Interjected warning: appendage spoiler five paragraphs hence!
“The film is probably 90% accurate to the graphic novel, and I’m not sure this is a good thing. Fear of the fanboys may have done them in. With no flexibility to explore the characters and scenes, much of the film is a rote viewing experience. No ramping up or down of character development, suspense or action. It’s simply ‘next’, ‘next’ and ‘next’ — like clicking through a viewfinder.
“Look, the graphic novel has some real thought to it and probably the only positive from the rote almost faithful adaptation was that Snyder wasn’t able to completely remove some of the larger themes embedded within the crazy (sometimes cool) world of the Watchmen. Having read the graphic novel and its disjointed narrative, I understood this was always going to be a difficult adaptation into a cohesive narrative, one that would plant its antagonist flag early on the horizon and then work its way to that mark, but the filmmakers don’t even try here.

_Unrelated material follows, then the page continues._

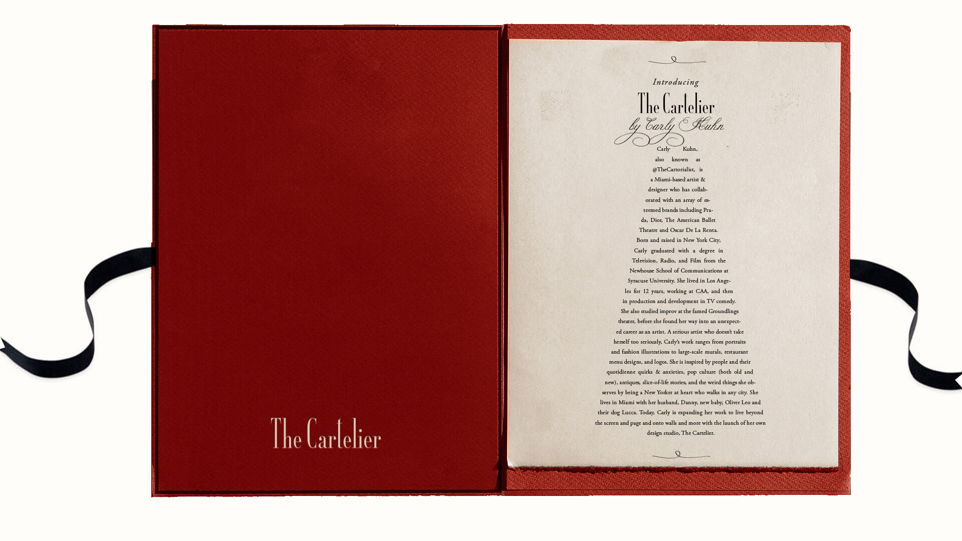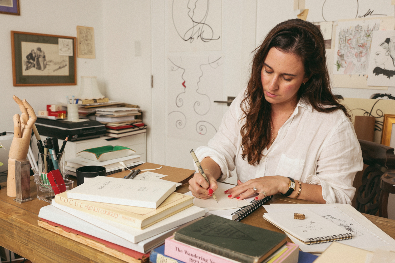 Carly Kuhn (formerly known as The Cartorialist) is an illustrator and writer whose work is defined by a love of the line, where wit, whimsy, and sophistication collide. Born and raised in New York City, she has collaborated with Bergdorf Goodman, Rosewood Hotels, Tory Burch, Sotheby’s, Thom Browne, and the American Ballet Theatre. Her forthcoming illustrated book, "A Character Study" (set to publish in 2026), explores human behavior and fleeting moments with both humor and elegance, shaped by her lifelong practice of observing the world as a New Yorker at heart. Alongside her book, she has launched a hand-drawn wallpaper line - delicate designs that feel as if she came in and sketched directly on the wall, at once timeless and nostalgic yet fresh and modern. A complement to her wallcoverings, Carly and Everhem introduced a capsule window treatment collection in Spring 2025, showcasing four of her original designs. Her work spans paper goods, illustration, and design, often weaving in hand-lettering and limericks to create pieces that are as clever as they are refined. In every medium, she brings a playful eye and a thoughtful hand to transform the everyday into something artful.

“Nor did they embrace the reflexive joy that can spring forth from a disjointed narrative. There’s some meat on the bone at the end of the film which lends itself to lingering thought (a classic ‘sacrifice the few for the many’ dilemma); yet even this is undercut by a weird final scene between the love interests. Are we supposed to be contemplating this classic dilemma or are we expected to feel warm and fuzzy because Akerman and Patrick Wilson‘s Nite Owl still get to play house?
“There were certainly no cheers at the end. About 80% of the audience rushed out of the theatre the second the credits began; minimal congregating outside. I did come across a group of three 20-something guys, holding their free give-away Watchmen posters, seemingly doing their best to talk themselves into liking the film.
“I almost don’t want to spoil this for you, but there’s a lot of blue penis in this film. Sadly, I’d say this was one of the few surprises and entertaining parts of the entire experience. It’s not everyday that a mainstream Hollywood movie flashes blue Johnson!
“Who am I? A regular moviegoer who sees anywhere between 85 to 100 films per year. I’m down with popcorn fare when it at least tries or knows it’s silly, but I also do my best to seek out foreign and independent fare. I liked the Bourne series, Dark Knight, first two X-Men. However, I hated 300 (a 2-hour long video game-slash-slow motion campfest). I appreciated the Watchmen graphic novel but was ultimately bored by its jagged and stiff storytelling.”